Грипп! Страшнейший!!! Все время чихаю-кашляю, чихаю-кашляю…

Телефон все звонил и звонил. Блин, давно надо было поставить аппарат с АОНом и черным списком, а не жмотиться.

Сигизмунд умирающе просипел в трубку:

— Слушаю…

— Гоша? — послышался в трубке обеспокоенный голос.

Мать! Этого еще не хватало!

— Да. — Сигизмунд придал голосу капризно-недовольное выражение. — Что ты звонишь так рано?

— А ты что, спал?

— Да, — лаконично соврал Сигизмунд.

— Совсем нас позабыл, не звонишь, — завела мать. — Ну, как ты там?

— Нормально.

— Деньги-то есть? Не голодаешь?

— Да, есть.

— А то ведь вы с Натальей-то разошлись! — Тоже мне, новость! — Тебя и покормить-то некому…

— Меня и Наташка не больно-то кормила, — угрюмо сказал Сигизмунд.

— Да уж, — закручинилась мать. — Кто как не мать… А ты не ценишь…

— Ой, ну хватит… Как у вас-то дела? Что новенького?

— Да что у нас, стариков, новенького? Это у вас, у молодых…

Сигизмунд никак не отреагировал.

Слышно было, как возится в комнате безумная девка.

— А? — переспросил он.

— Я говорю, как Ярик? — повторила мать.

— А? Кто?.. А, нормально.

Яриком — Ярополком — звали сигизмундова сына. Ему было пять лет.

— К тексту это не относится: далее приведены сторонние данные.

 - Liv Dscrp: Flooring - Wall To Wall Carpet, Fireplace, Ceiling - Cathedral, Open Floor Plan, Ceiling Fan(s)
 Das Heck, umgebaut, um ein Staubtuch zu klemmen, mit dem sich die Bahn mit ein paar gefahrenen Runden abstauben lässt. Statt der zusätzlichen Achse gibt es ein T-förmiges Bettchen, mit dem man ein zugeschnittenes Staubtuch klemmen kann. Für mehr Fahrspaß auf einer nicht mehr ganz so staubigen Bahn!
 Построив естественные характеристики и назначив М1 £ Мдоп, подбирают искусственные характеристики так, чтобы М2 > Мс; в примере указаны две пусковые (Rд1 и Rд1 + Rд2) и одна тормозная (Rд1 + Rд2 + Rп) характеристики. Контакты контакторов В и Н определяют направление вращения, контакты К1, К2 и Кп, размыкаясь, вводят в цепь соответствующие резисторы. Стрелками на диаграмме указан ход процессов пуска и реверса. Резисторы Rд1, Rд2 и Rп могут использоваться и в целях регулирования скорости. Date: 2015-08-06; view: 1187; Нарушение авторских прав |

Жил он, естественно, с Натальей.

— Что-то голос у тебя грустный, — заметила мать. — Ничего не случилось?

— Не-ет, — с деланным удивлением сказал Сигизмунд, — всё путем.

— Ты что, там не один?

— Один, — легко соврал Сигизмунд.

— Мы тут с отцом хотели к тебе заехать. Завтра тут будем неподалеку…

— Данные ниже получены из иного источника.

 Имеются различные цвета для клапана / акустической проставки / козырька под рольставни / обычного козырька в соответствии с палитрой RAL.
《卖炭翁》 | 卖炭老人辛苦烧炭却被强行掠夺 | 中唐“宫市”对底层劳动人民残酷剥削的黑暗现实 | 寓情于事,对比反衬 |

Сигизмунд мысленно застонал. “Неподалеку” — это они в собес собралась, не иначе.

Уже второй год отец доказывает, что всю блокаду просидел в осажденном Ленинграде. В собесе не верили, требовали бумаг. В то, что бумаги в войну сгорели, — в то верили охотно. Но ничего поделать не могли. И требовали бумаг.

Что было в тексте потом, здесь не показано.